--- EXTRACTED RECORDS Enclosed Below ---

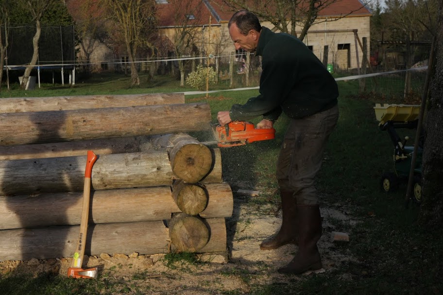 Ensuite il y a eu de longues heures d'écorçage, au début ça amuse tout le monde petits et grands et ensuite on se retrouve bien seul mais ça sent bon la résine et le contact du bois c'est toujours aussi génial.
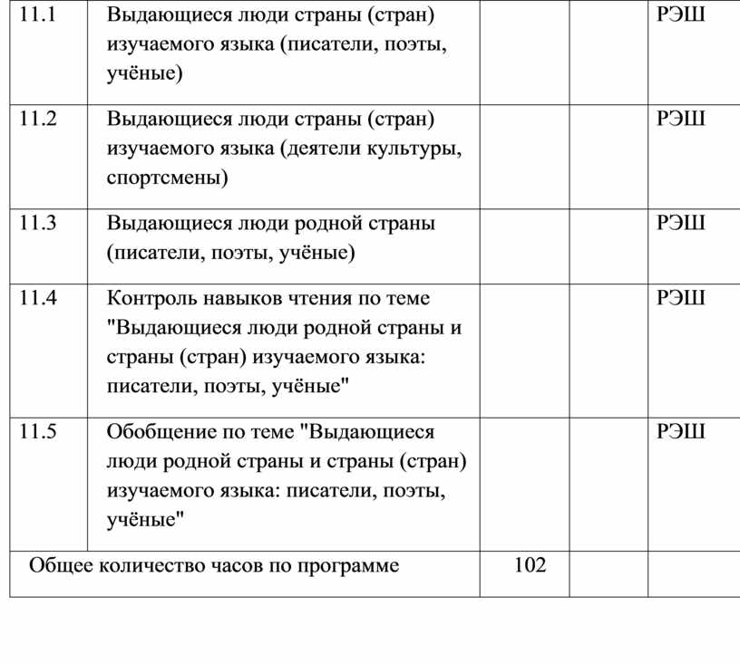 Раздел 11 Выдающиеся люди родной страны и страны (стран) изучаемого языка: писатели, поэты, учёные (5 ч)
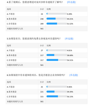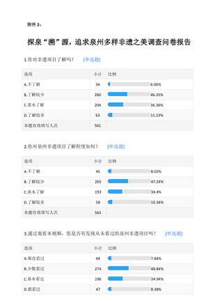 “溯泉”实践队视频制作完成后投放到我院各班级,并通过设计、发放调查问卷的方式分析该视频的宣传效果。“溯泉”实践队通过回收561份问卷分析发现,在观看该宣传视频后已有很多学生表示在开学后将会走进泉州非物质文化遗产馆、了解和宣传泉州的非遗项目。可见“溯泉”实践队制作的泉州非物质文化遗产馆宣传片,对勉励青年学子做新时代泉州非遗文化的传承者、传播者与讲好中国故事起到积极的促进作用。
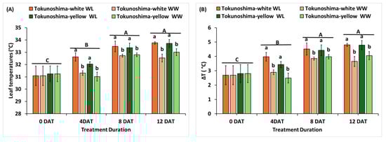 The effects of waterlogging on leaf temperature and ΔT are presented in Figure 2A,B. The waterlogging treatment and waterlogging duration significantly affected leaf temperature and ΔT (p < 0.001); the interaction of treatment and waterlogging duration also significantly affected leaf temperature and ΔT (p < 0.01) (Table 1). Meanwhile, no significant difference was observed between the two cassava cultivars (Table 1). The leaf temperature of the two cassava cultivars increased immediately under waterlogging treatment at 4, 8, and 12 DAT compared to the WW condition (Figure 2A). The same trend was observed for ΔT in the two cassava cultivars (Figure 2B). The average leaf temperature increased by 27.2%, 14.7%, and 24.0% in the Tokunoshima-white cultivar and by 27.5%, 10.2%, and 15.3% in the Tokunoshima-yellow cultivar under WL conditions at 4, 8, and 12 DAT, respectively (Figure 2A). The average ΔT value increased by 3.2%, 1.7%, and 2.1% in the Tokunoshima-yellow cultivar and by 4.0%, 2.2%, and 3.6% in the Tokunoshima-white cultivar at 4, 8, and 12 DAT compared to WW conditions (Figure 2B). Additionally, the effects of leaf temperature and ΔT on cassava cultivars increased under WL conditions with the duration of treatment (Figure 2A,B).
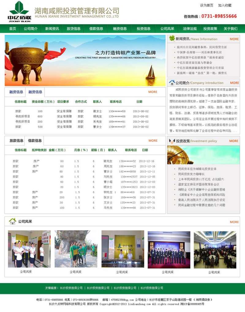 绿色网页投资管理公司首页psd分层网站模板下载
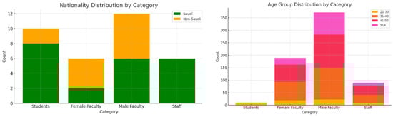 A total of 1186 individuals participated in the survey, including 537 students, 560 faculty members, and 89 staff members, to assess satisfaction with key campus design elements. It included Likert-scale questions for quantitative evaluation and open-ended responses for qualitative insights, distributed both online and on-site. The study focused on enhancing social life, promoting environmental sustainability, and strengthening student-centric design, ensuring alignment with evaluation criteria. Among students, all were aged 20–30, with 516 Saudis and 21 non-Saudis. Faculty members represented diverse age groups, with female faculty primarily between 31 and 50 years and male faculty more evenly distributed across 20–51+ years. Staff members were mostly aged 31–50, with 73 Saudis and 16 non-Saudis. Participants rated the accessibility and effectiveness of campus amenities, entertainment spaces, community activities, green spaces, climate-responsive design, resource management, and technology integration. These responses provided valuable insights into user experiences, revealing areas for potential improvement in campus facilities and services. See Table 4 and Figure 4.
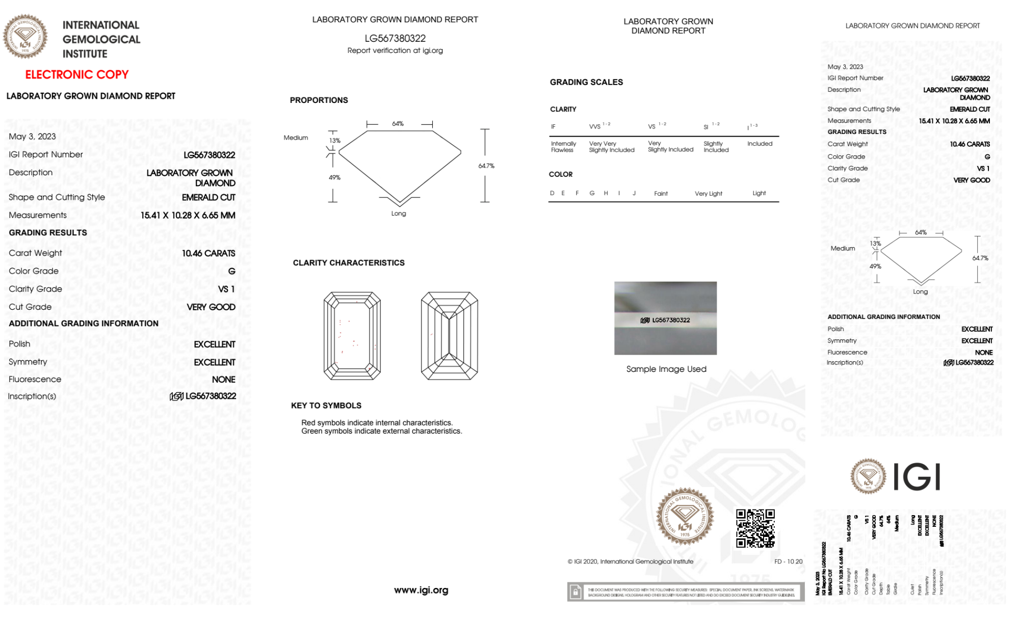 Your 10.46 carat Emerald lab diamond is graded VS1 clarity, which stands for Very Slightly Included 1. Read more about VS1 clarity diamonds here, or learn more about diamond clarity in general here.
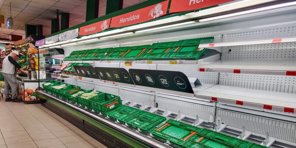 Un ejemplo de ello es el Carrefour de la calle Alameda, en Madrid ciudad. Uno de sus trabajadores ha explicado que faltan “productos básicos”, como son “la leche, los huevos, el arroz o las ensaladas”.
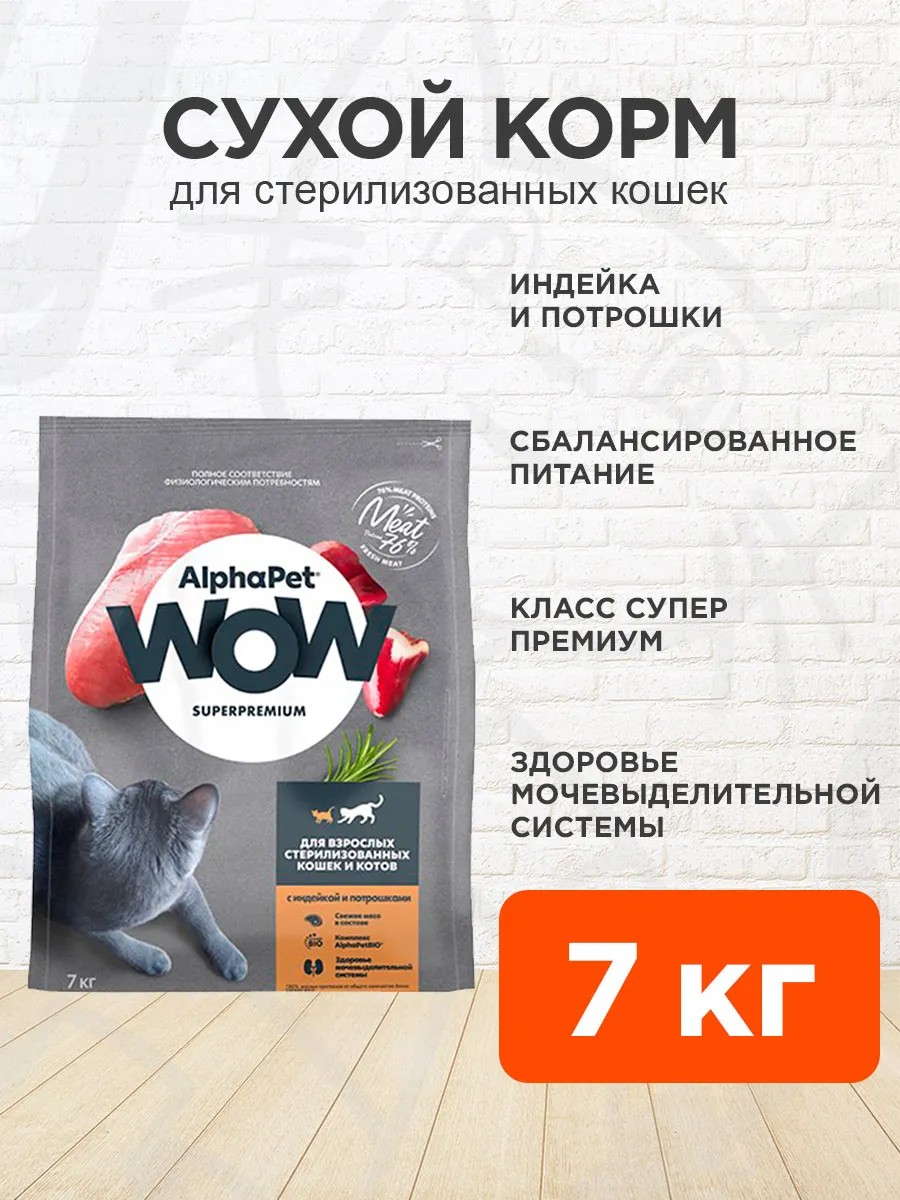 AlphaPet Корм сухой WOW для стерилизованных кошек индейка 7 кг

--- End of Enclosed EXTRACTED RECORDS ---

YOUR GOAL. The output is the lines from the start of the data above through the line containing "绿色网页投资管理公司首页psd分层网站模板下载", unchanged, with any picture left out.

TASK ANSWER.
 Ensuite il y a eu de longues heures d'écorçage, au début ça amuse tout le monde petits et grands et ensuite on se retrouve bien seul mais ça sent bon la résine et le contact du bois c'est toujours aussi génial.
 Раздел 11 Выдающиеся люди родной страны и страны (стран) изучаемого языка: писатели, поэты, учёные (5 ч)
 “溯泉”实践队视频制作完成后投放到我院各班级,并通过设计、发放调查问卷的方式分析该视频的宣传效果。“溯泉”实践队通过回收561份问卷分析发现,在观看该宣传视频后已有很多学生表示在开学后将会走进泉州非物质文化遗产馆、了解和宣传泉州的非遗项目。可见“溯泉”实践队制作的泉州非物质文化遗产馆宣传片,对勉励青年学子做新时代泉州非遗文化的传承者、传播者与讲好中国故事起到积极的促进作用。
 The effects of waterlogging on leaf temperature and ΔT are presented in Figure 2A,B. The waterlogging treatment and waterlogging duration significantly affected leaf temperature and ΔT (p < 0.001); the interaction of treatment and waterlogging duration also significantly affected leaf temperature and ΔT (p < 0.01) (Table 1). Meanwhile, no significant difference was observed between the two cassava cultivars (Table 1). The leaf temperature of the two cassava cultivars increased immediately under waterlogging treatment at 4, 8, and 12 DAT compared to the WW condition (Figure 2A). The same trend was observed for ΔT in the two cassava cultivars (Figure 2B). The average leaf temperature increased by 27.2%, 14.7%, and 24.0% in the Tokunoshima-white cultivar and by 27.5%, 10.2%, and 15.3% in the Tokunoshima-yellow cultivar under WL conditions at 4, 8, and 12 DAT, respectively (Figure 2A). The average ΔT value increased by 3.2%, 1.7%, and 2.1% in the Tokunoshima-yellow cultivar and by 4.0%, 2.2%, and 3.6% in the Tokunoshima-white cultivar at 4, 8, and 12 DAT compared to WW conditions (Figure 2B). Additionally, the effects of leaf temperature and ΔT on cassava cultivars increased under WL conditions with the duration of treatment (Figure 2A,B).
 绿色网页投资管理公司首页psd分层网站模板下载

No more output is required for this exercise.